Question 8.7: The ballistic pendulum Now we will look at a classic physics...
The ballistic pendulum
Now we will look at a classic physics lab apparatus for measuring the speed of a projectile. Figure 8.13 shows a simple form of the apparatus, known as a ballistic pendulum, composed of a block and some string. A bullet with mass m_B is fired into a block of wood with mass m_W suspended like a pendulum. The bullet makes a completely inelastic collision with the block, becoming embedded in it. After the impact of the bullet, the block swings up to a maximum height h. Given values of h, m_B, and m_W, how can we find the initial speed υ of the bullet? What becomes of its initial kinetic energy?
SET UP We analyze this event in two stages: first, the embedding of the bullet in the block, and second, the subsequent swinging of the block on its strings. During the first stage, the bullet embeds itself in the block so quickly that the block doesn’t have time to swing appreciably away from its initial position. So, during the impact, the supporting strings remain very nearly vertical, there is negligible external horizontal force acting on the system, and the horizontal component of momentum is conserved. In the second stage, after the collision, the block and bullet move as a unit. The only forces are the weight (a conservative force) and the string tensions (which do no work). As the pendulum swings upward and to the right, mechanical energy is conserved.
To keep the notation simple, we’ll denote the x component of the bullet’s velocity just before impact as υ and the x component of the velocity of block plus bullet just after the impact as V.
SOLVE Figure 8.13 shows the situation just before impact, the situation just after impact, and the block (with the embedded bullet) at the highest point of its path. Conservation of momentum just before impact and just after gives us
m_B\upsilon = (m_B + m_W) V.
\upsilon= \frac{m_B + m_W}{m_B}V.
The kinetic energy of the system just after the collision is K=\frac{1}{2}(m_B +m_W)V^2. The pendulum comes to rest (for an instant) at a height h, where its kinetic energy \frac{1}{2}(m_B +m_W)V^2 has all become potential energy (m_B +m_W)gh ; then it swings back down. Energy conservation gives
\frac{1}{2}(m_B+m_W)V^2 (m_B+m_W)gh .
Assuming that h can be measured, we solve this equation for V:
V=\sqrt{2gh} h (velocity of block and bullet just after impact).
Now we substitute this result into the momentum equation to find υ:
\upsilon= \frac{m_B+m_W}{m_B}\sqrt{2gh} (velocity of bullet just before impact)

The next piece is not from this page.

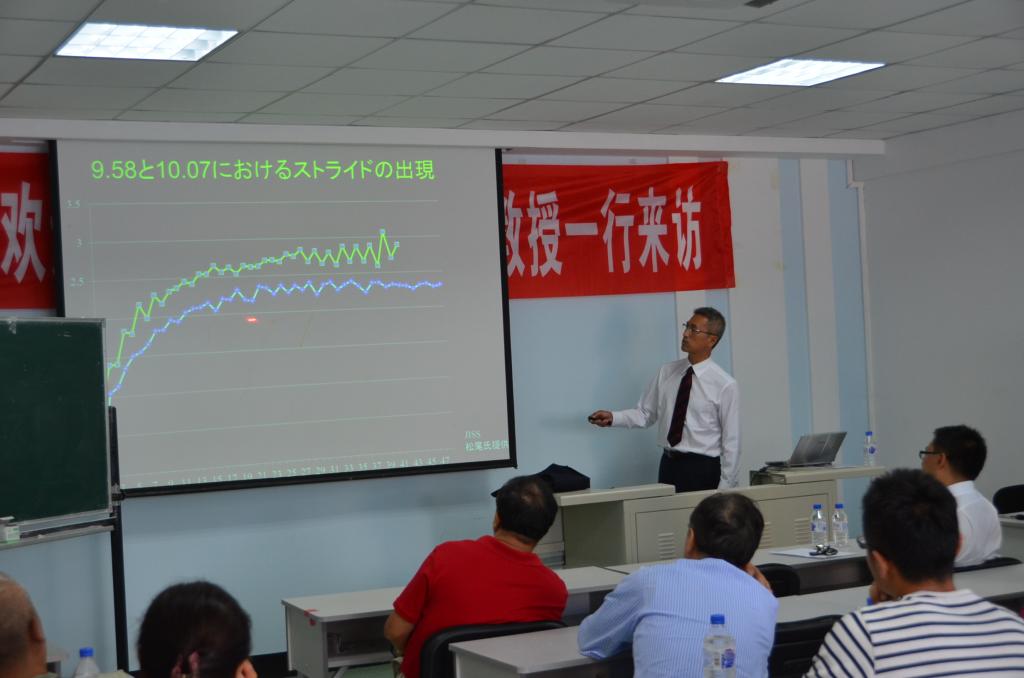 At 13:30, Professor Shigeo delivered a lecture to teachers of specialized courses and some undergraduate and graduate students of the Physical Education College in the multimedia classroom and track-and-field corridor, titled “Running Guidance—Cited Views in the University Environment”. In his lecture, Professor Shigeo provided a theoretical and practical explanation on the senses, independence, environment, and strength of running, fromwhichboth the faculty and student have benefited a lot.

By measuring m_B, m_W, and h, we can compute the original velocity υ of the bullet. For example, if m_B = 5.00 g = 0.00500 kg, m_W = 2.00 kg, and h = 3.00 cm =0.0300 m, then
\upsilon =\frac{2.00 kg + 0.00500 kg}{0.00500 kg}\sqrt{2(9.80 m/s^2)(0.0300 m)}
= 307 m/s.
The x component V of velocity of the block just after impact is
V=\sqrt{2 gh}=\sqrt{2(9.80 m/s^2)(0.0300 m)}
= 0.767 m/s.
Once we have the needed velocities, we can compute the kinetic energies just before and just after impact. The total kinetic energy just before impact is K_i = \frac{1}{2}m_B\upsilon^2 = \frac{1}{2} (0.00500 kg)(307 m/s)^2 = 236 J. We find that just after impact, it is K_f = \frac{1}{2} (m_B + m_W)V^2 = \frac{1}{2} (2.005 kg) \times (0.767 m/s)^2 = 0.590 J. Only a small fraction of the initial kinetic energy remains.
REFLECT When an object collides inelastically with a stationary object that has a much larger mass, nearly all of the first object’s kinetic energy is lost. In this problem, the wood splinters, and the bullet and wood become hotter as mechanical energy is converted to internal energy.
Practice Problem: Suppose the mass of the bullet, the mass of the block, and the height of the block’s swing have the same values as above. If the bullet goes all the way through the block and emerges with half its initial velocity, what was its initial speed? Answer: \upsilon =\frac{2m_W}{m_B}\sqrt{2gh} = 615 m/s.